By October 1944, Redlich had spent nearly three years living and working amid Terezin madness. Along the way, he married his Prague sweetheart. Against long odds, the couple gave birth to a son in April 1944.
But six months later, as Germany rushed to complete European Jewish depopulation as its defeat became inevitable, Gonda, Gerta and Dan Redlich were chosen for one of the final mysterious "transports to the East."
"Tomorrow we go, too, my son," Redlich wrote. "Hopefully, the time of our redemption is near."
In fact, what awaited them at Auschwitz a day or two later was a lethal dose of Zyklon B cyanide.

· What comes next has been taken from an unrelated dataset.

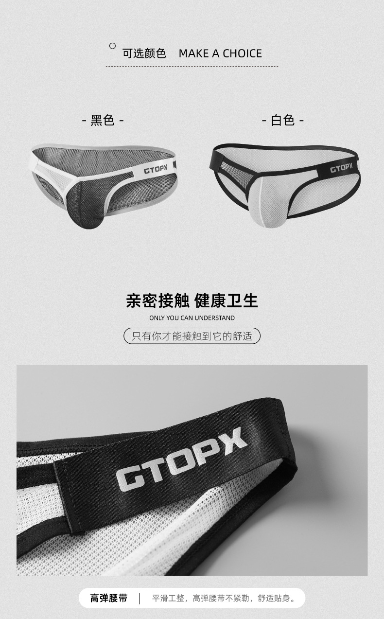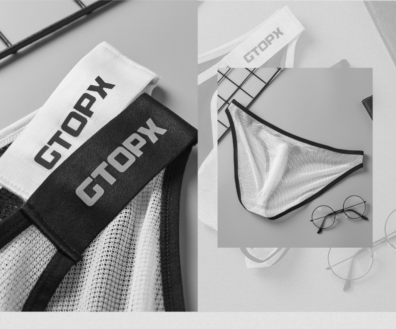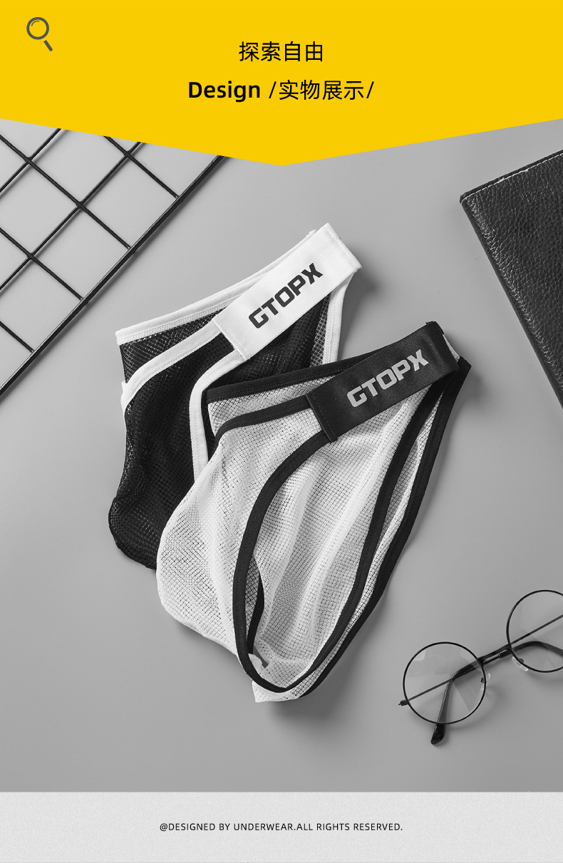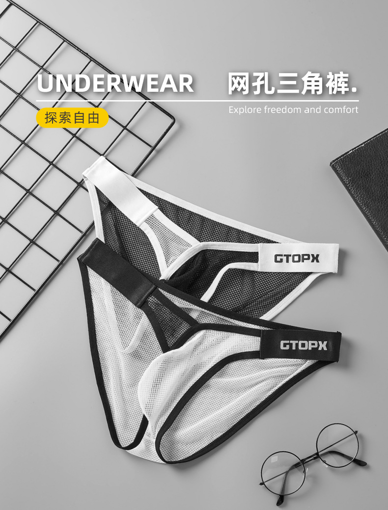 GTOPX メッシュメンズ薄いアイスシルク単層 U 凸ローウエスト通気性セクシーなメッシュシースルー三角パンツ

There would be no redemption.
Tragically, this book--written 75 years ago, with remarkable contextual footnotes added later by Saul S. Friedman--has fresh cultural relevance today in the U.S. (and much of Europe).
"America First" nationalism--anti-immigrant and anti-Semite--that surged during the Depression era is once again ascendant. Nazism has new appeal among certain young white men, who feel comfortable with public declarations of racism, such as "Jews will not replace us."
Poor Gonda Redlich must be turning in his grave.